D’un point de vue technique, la démarche est la suivante :

  1. Tout d’abord, les coordonnées géographiques de chaque pixels sont projetées vers une projection Mercator universelle (UTM). La zone de la projection UTM est sélectionnée de manière à contenir le pixel qui se trouve au centre de l’image. Cette projection est appliquée parce que la distribution des pixels des images GCOM se rapproche grandement d’une grille régulière lorsqu’on utilise cette projection.
  2. Ensuite, les coefficients d’une transformation affine sont calculés par la méthode des moindres carrées moyens. Cette transformation affine est un ensemble d’équations linéaires permettant de convertir les coordonnées UTM de chaque pixel par une estimation de ses coordonnées pixels dans le fichier GCOM. Les transformations affines étant linéaires alors que la relation entre les coordonnées pixels et les coordonnées géospatiales dans un fichier GCOM est non-linéaire, l’utilisation d’une transformation affine induit une erreur. Le Datacube calcule les coefficients qui font que la moyenne de (coordonnées pixels réelles − coordonnées pixels estimées)² soit le plus petit possible.
  3. Une grille des résidus est construite. Cette grille contient, pour chaque pixel, la valeur de (coordonnées pixels réelles − coordonnées pixels estimées). Pour rappel, les étapes 1 et 2 ci-haut ont chacune contribué à ce que les résidus soient les plus petits possibles.
  4. Pour calculer les coordonnées du pixel correspondant à des coordonnées UTM données, on applique d’abord la transformation affine pour avoir une première estimation puis on calcule les coordonnées UTM réelles de cette première estimation en ajoutant les résidus. On trouvera une erreur par rapport aux coordonnées spécifiées. Cette erreur, exprimée en unités de la projection UTM, est convertie en erreur exprimée en unités pixels en multipliant le vecteur représentant l’erreur par l’inverse de la matrice Jacobienne de la fonction représentée par la grille des résidus; à la position du pixel estimée multipliée par la matrice Jacobienne de la transformation affine. On obtient une nouvelle estimation des coordonnées pixels, que l’on convertit à nouveau en coordonnées UTM afin de vérifier l’erreur et on répète le processus jusqu’à ce que l’erreur soit suffisamment faible. Cet algorithme est le même que celui appliqué pour les changements de référentiels utilisant les grilles NADCON, excepté qu’on y ajoute l’utilisation des matrices Jacobiennes pour mieux prendre en compte l’aspect non-linéaire de la transformation. A titre de comparaison, l’algorithme employé par NADCON suppose implicitement que les matrices Jacobiennes sont très proches de la matrice identitée.
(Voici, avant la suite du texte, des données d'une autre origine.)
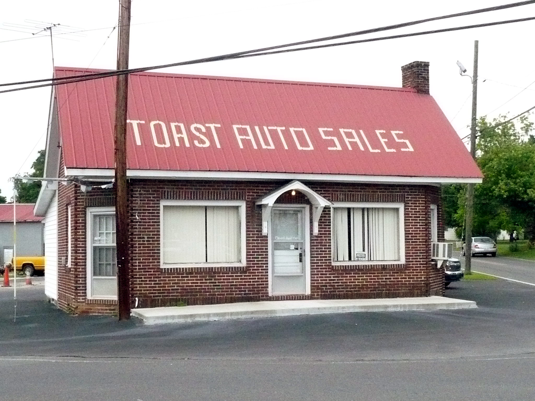 The Spracklin Manor Toast, United States. Photo taken on Thursday, June 4, 2009.

C’est une approximation raisonnable pour NADCON mais pas pour les images GCOM.
  5. Les étapes décrites ci-dessus fournissent un mécanisme nécessaire pour projeter l’image sur une grille régulière. Il nous reste à choisir une grille régulière. La transformation affine calculée à l’étape 2 fournit un bon point de départ puisqu’elle cherchait à se rapprocher le plus possible de la répartition des données originales. On prend l’inverse de cette matrice comme source des coefficients du fichier .TFW qui accompagne les images au format TIFF. IlN ne reste plus qu’à projeter les pixels de l’image GCOM vers le système de référence déterminée à l’étape 1 sur une grille inférée par le fichier TFW déterminé à cette étape 5 en utilisant la transformation non-linéaire décrite à l’étape 4.

Les tests de performances réalisés par RESTEC sur l’infrastructure de la JAXA ont permis de qualifier et valider la viabilité de l’outil et de l’approche, qui entrera en production en 2021. Bien conscient que la problématique lié au satellite GCOM est applicable à d’autre sources de données, Geomatys s’est employé au cours des deux dernières années à mettre en place un process générique via le logiciel Examind DataCube qui capitalisent cette expérience et permettront d’accélérer les prochaines mises en oeuvre de la solution.